Investment research giant Morningstar says it plans to tweak how it produces its sustainability ratings for funds amid continuing anger from asset managers who say it has cost them client business.
The US company entered the market in 2016 aiming to be a ‘global standard for sustainable investing’. Along the way it acquired a 40% stake in ESG research house Sustainalytics, from where it sources its sustainability research on companies. The NASDAQ-listed firm also bought Jackie Cook’s proxy-tracking firm Fund Votes.
The Sustainalytics research feeds into an analysis of fund holdings to produce a sustainability score.
But the system met resistance from fund managers who complained that the ratings failed to capture true sustainability. Schroders’ Head of Sustainable Research, Andy Howard, for example, called it ‘painting by numbers’.
And now one fund manager has admitted the system has cost it business. Craig Bonthron, who manages the one-globe-rated (low sustainability) Kames Capital’s Global Sustainable Equity fund, explained how one client really liked the fund but was unable to invest.
The client’s internal processes precluded it from taking such a low-rated fund. In Bonthron’s phrase it was a case of: “Computer says no!”
Speaking at the UKSIF Analysts Conference in Edinburgh last week, he illustrated the dilemma with a video of one of the fund’s holdings, software-as-a-service firm Everbridge.
It’s a relatively small company, he explained, without the investor relations and PR teams to ensure it gets a good sustainability rating. This and similar holdings – which Kames holds because of their sustainability potential – ultimately results in a low Morningstar rating for the fund.A holding such as tobacco giant BAT, with a high ‘best in class’ ESG rating, would have – paradoxically – improved the fund’s score.
Bonthron, formerly the joint fund manager of the SWIP Global Sustainable Equity fund and the SWIP Global Islamic Equity Fund, said Kames now runs a blog called Sustainability Soapbox to get its views across.
“If you want the tail to wag the dog, get someone else to run the fund.”
Speaking on the same panel was Hortense Bioy, Director, Passive Strategies and Sustainability Research at Morningstar. She said of the methodology that the firm was “planning to enhance it again this year”, moving to an absolute risk methodology.

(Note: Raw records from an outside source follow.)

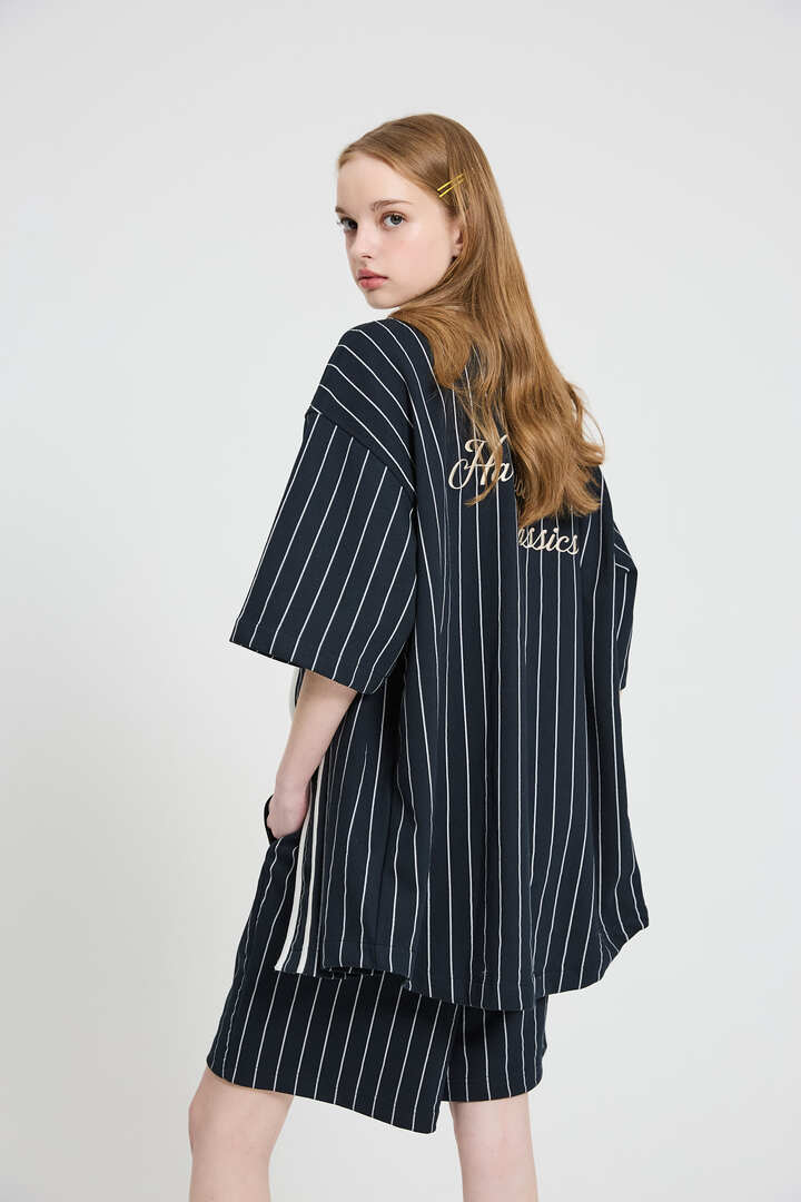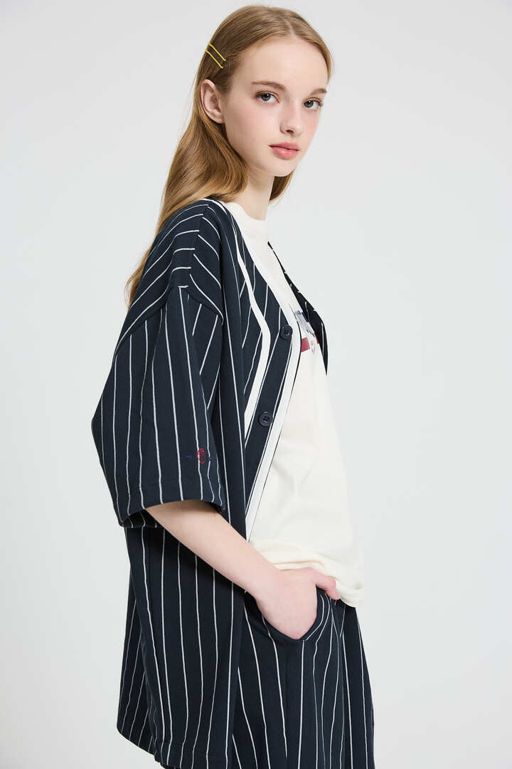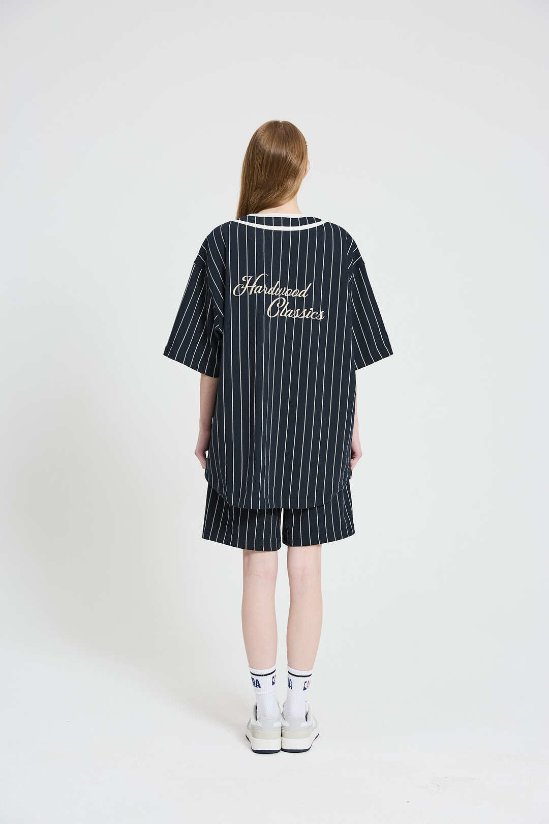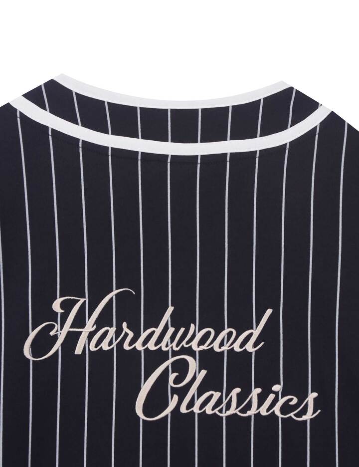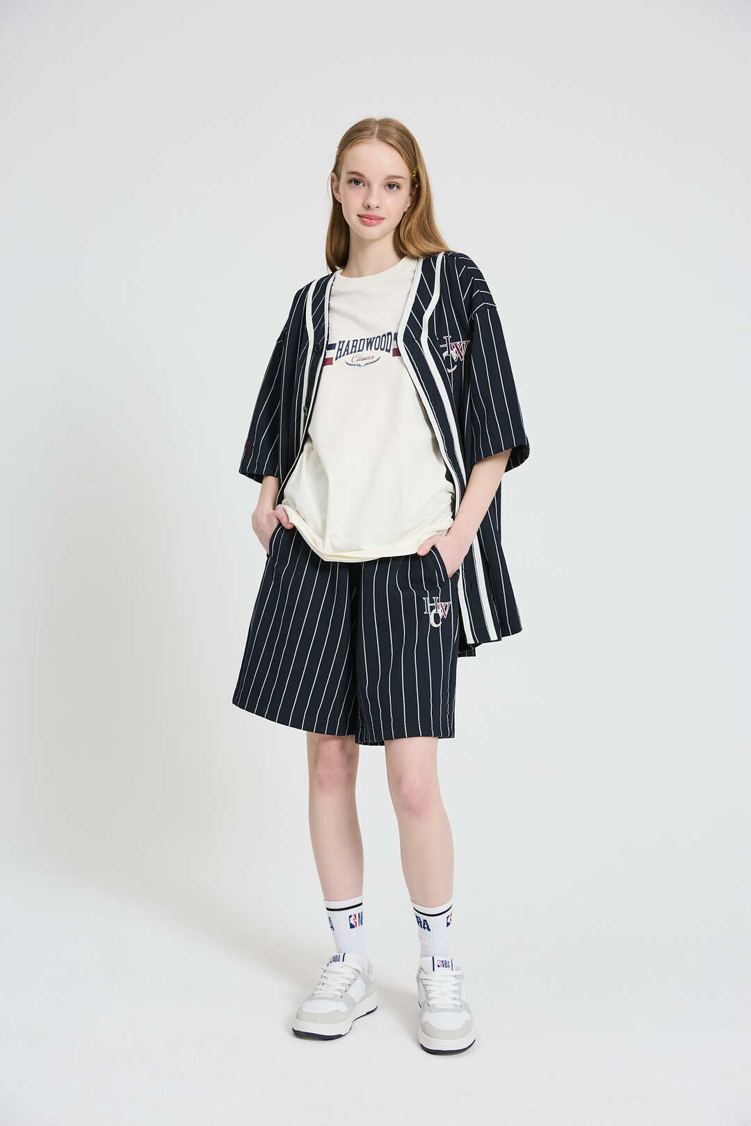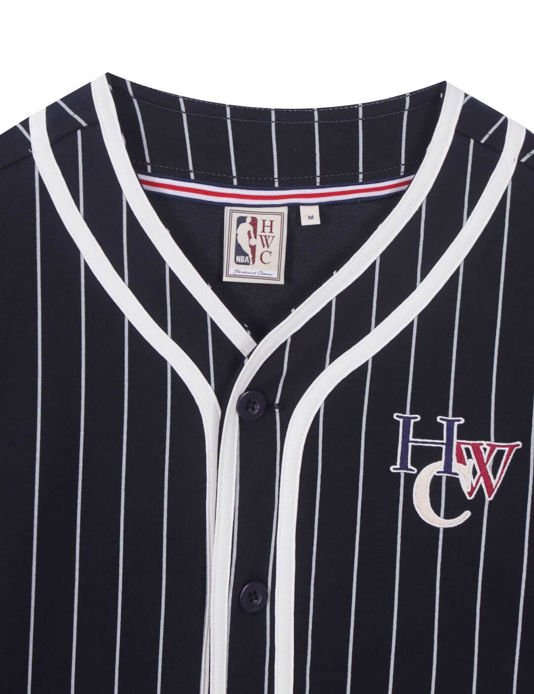 은은한 반라바 기법의 스트라이프 프린팅과 베이스볼 져지 디테일을 HWC 만의 무드로 표현함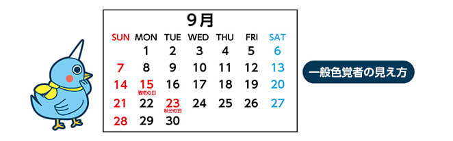 その中で、濃い赤が暗く黒っぽい色に見えるという人たちがいるんだけど、カレンダーって、平日の数字は「黒」、土曜日は「青」日曜・祝日は「赤」で作られていることが多いよね。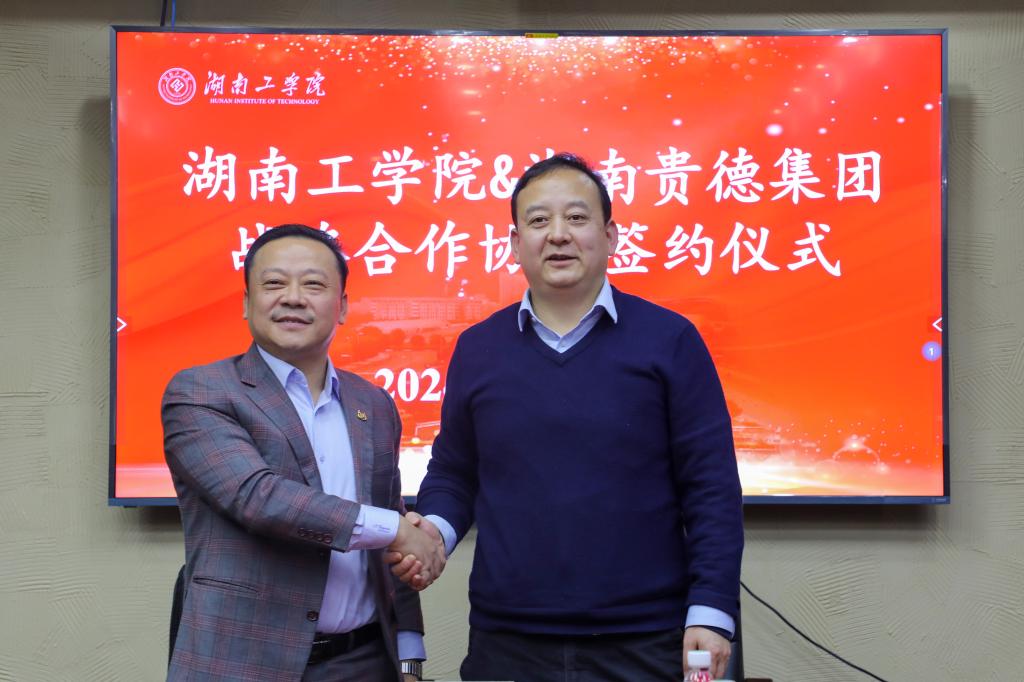 1223日午,best365与湖南贵德集团战略合作协议签约仪式在教学大楼会议室举行。校党委副书记、校长曾广胜,教务处处长李理,科技与校企合作处处长吴远志,贵德集团董事长喻贵董事长特助易丽君出席。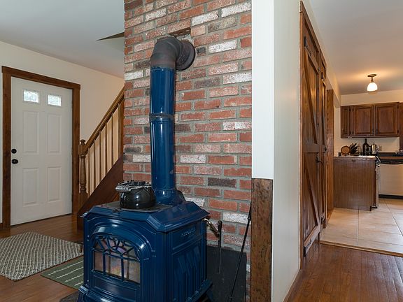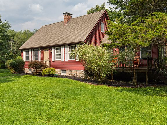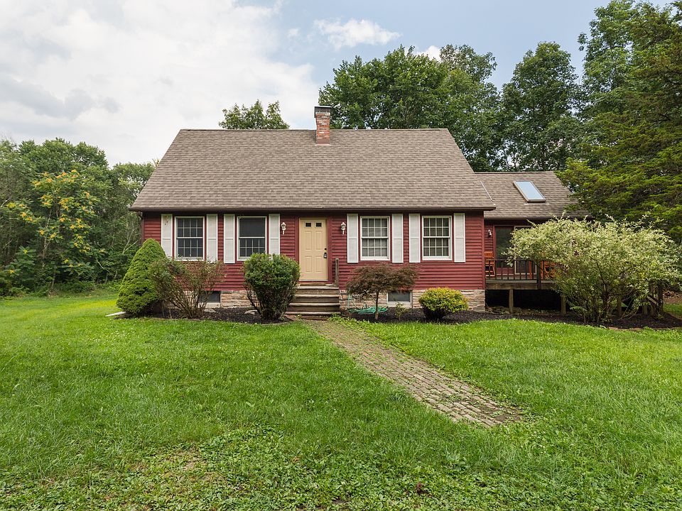 Very private 3 bedroom cape on 3.6 acres. Large detached oversize garage with workshop and a studio area upstairs. House has new roof, underground wiring, beautiful grounds, hardwood floors and a woodstove in living room. Off the kitchen thru French doors is a wonderful sitting room with huge windows & vaulted ceiling that would make a terrific bedroom looking out into the trees, plus sliding glass doors to deck. Eat in kitchen has sliding glass doors to the private screened in porch. The walk out basement has high ceilings, easily finished and two outside entries making for a lot more living space.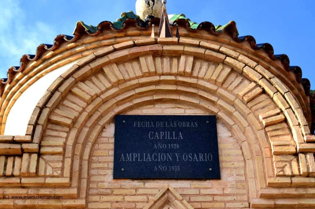 El 8 de Agosto de 1921 con el pláceme de todo el consenso, se le concede la autorización. Las obras comienzan con rapidez edificándose la ermita-capilla y el cerramiento del conjunto del que destaca la puerta de hierro forjado, obra del artesano Simeón Sanchís…». (3)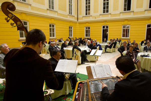 A történelmi múltunkba, építészeti emlékeinkbe is betekintést engedő pazar helyszín illő választás a kultúráért felelős miniszterek vacsorájához. Ezúttal közel száz főre terítettek, s a vendégeket – akárcsak pénteken – jégbehűtött Törley Chardonnay Brut 2006 pezsgő, narancslé és ásványvíz fogadta. A vacsora során Réthelyi Miklós miniszter, Szőcs Géza kulturális államtitkár és Androulla Vassiliou biztos asszony mondott pohárköszöntőt. A pohárköszöntőt követően Gál Helga elnökségi sommelier mutatta be a díszvacsora borait és pálinkáját. A főétel után a Dresch Mihály formáció félórás, a magyar népzenét a jazz világával ötvöző műsort adott.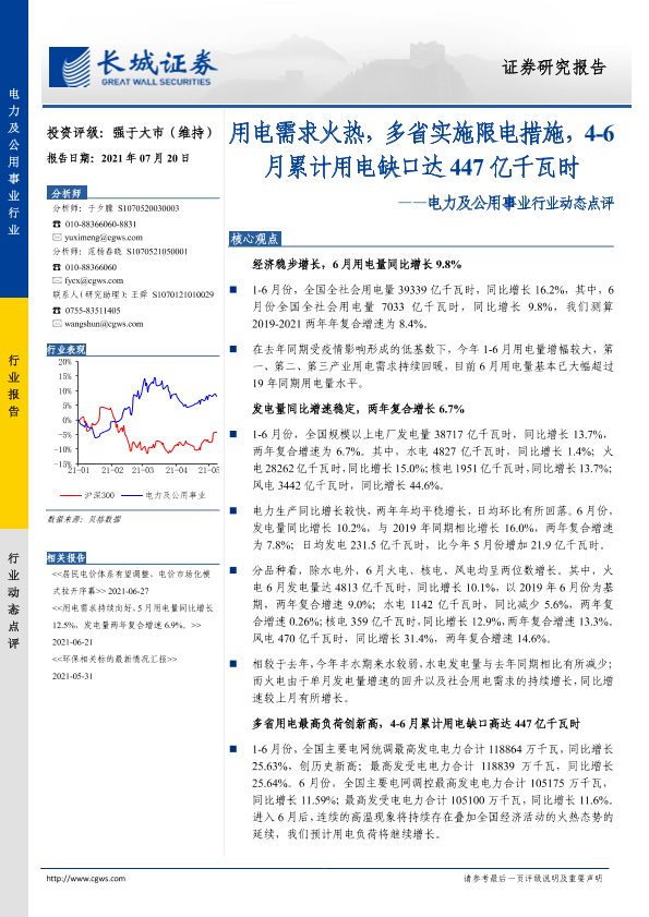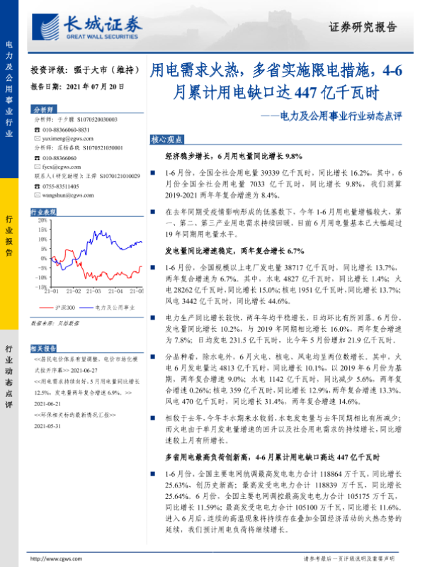 【长城证券】【20210720】电力及公用事业行业动态点评:用电需求火热,多省实施限电措施,4~6月累计用电缺口达447亿千瓦时-13页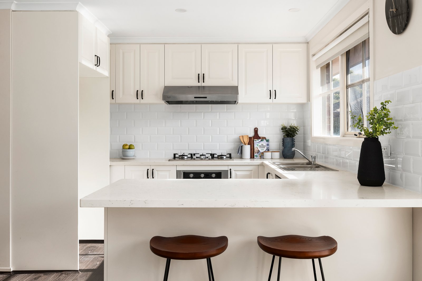 Open, airy and filled with natural light, the home’s heart is an open-plan dining / living room and a semi-attached lounge, all of which is underpinned by an updated and subway-tiled kitchen with stone benches and stainless steel appliances. Large glass doors slide back to extend the open-plan outdoors to an undercover deck and paved courtyard that wrap around to greet the northern sun, while a second sun-drenched deck is certain to exceed the expectations of the proudest of entertainers.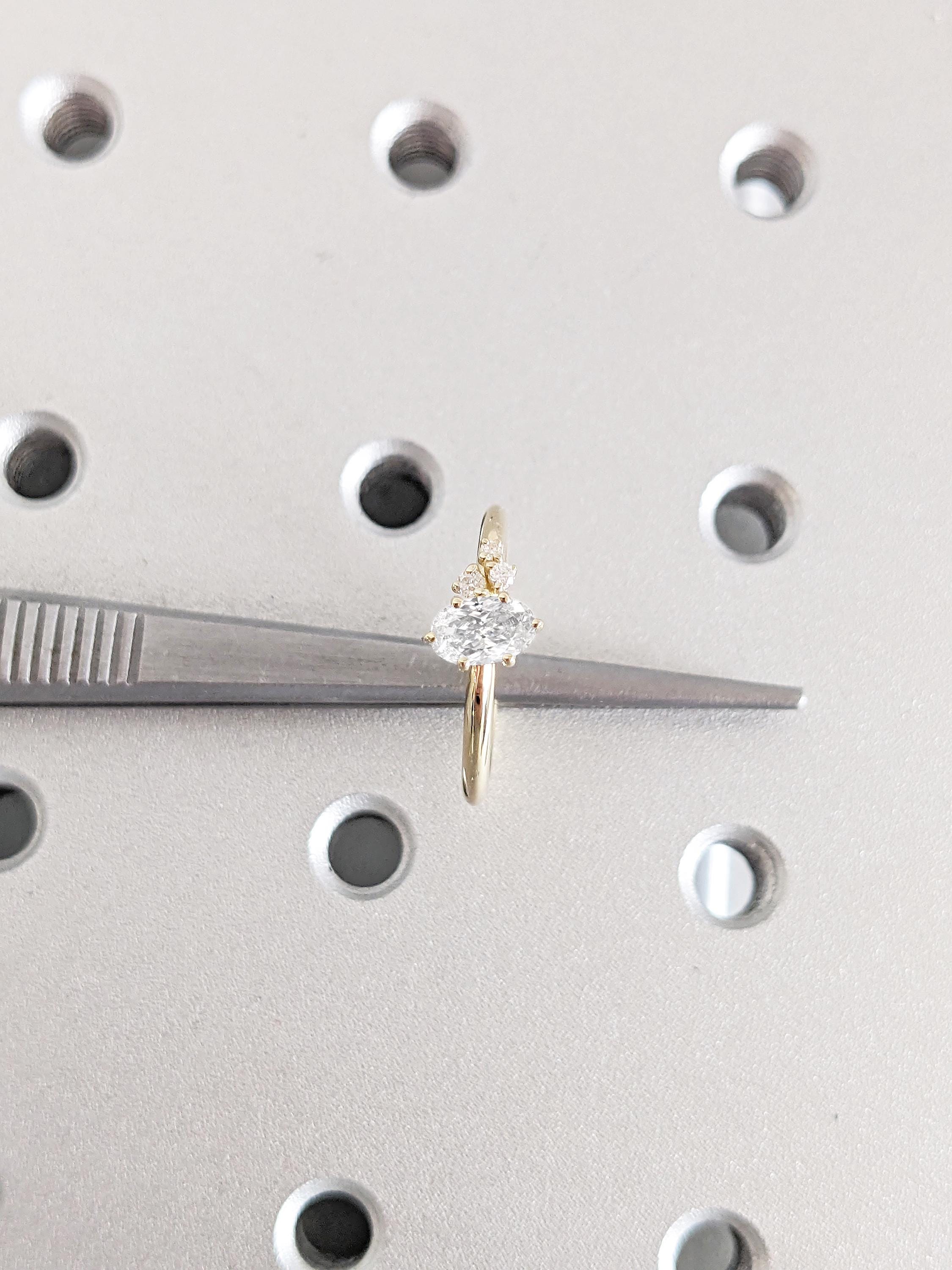 14k Solid Gold Ring | Minimalist Moissanite Engagement Ring | Oval Moissanite Ring | Moissanite Cluster Ring | Gift for Sister | Simple Ring
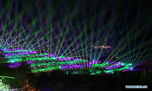Photo taken on Dec. 21, 2019 shows a light show at a lighted ice and snow festival in Chengguan District of Lanzhou City, northwest China's Gansu Province. The winter festival opened here Saturday, featuring ice-snow sculpture, light show, snow homestay, among others. (Xinhua/Geng Xinning)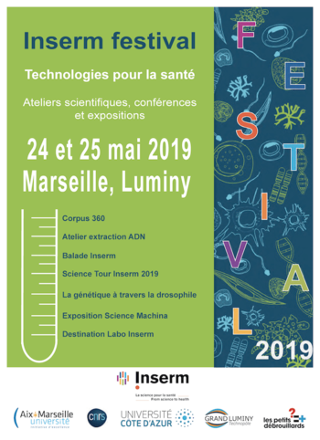 Le 24 et 25 mai 2019, l'Institut national de la santé et de la recherche médicale (Inserm) en partenariat avec Aix-Marseille Université, le CNRS, l’association Les Petits Débrouillards et l’association Grand Luminy Technôpole, invitent des élèves de collèges et lycées de plusieurs établissements de Marseille, les étudiants d’Aix-Marseille Université et le grand public à vivre la science durant deux journées qui leurs seront consacrées sur le campus de Luminy. Expositions, ateliers autour de jeux et de quizz, échanges et discussions approfondis avec les chercheurs et les professionnels de santé permettront aux grands comme aux petits, de mieux comprendre la science et ses questionnements. Pour découvrir le monde de la recherche rien de tel que de pouvoir rencontrer ceux qui chaque jour posent des hypothèses et réfléchissent aux découvertes de demain.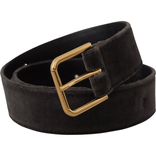 Dolce & Gabbana Brown Velvet Gold Tone Logo Metal Waist Buckle Belt

The methodology was updated last year (see RI feature here) to incorporate historical holdings and increase the rating threshold to 67% of portfolio covered.
But Bonthron said: “If you want the tail to wag the dog, get someone else to run the fund.”
Kames itself has a 30-year ESG history, having launched an ethical fund back in 1989. In January it was appointed by US-based Advisors Asset Management as Portfolio Consultant for a new sustainable unit investment trust.
This is not the first time the issue has come up at the UKSIF event in Edinburgh. It came up two years ago, for example.
Meanwhile, Morningstar has released research showing that ESG funds from BlackRock, Vanguard, Fidelity Investments, and TIAA– CREF, among others, in 2018 “cast a number of votes that seemingly conflict with an ESG mandate, including funds specifically aimed at the environment”.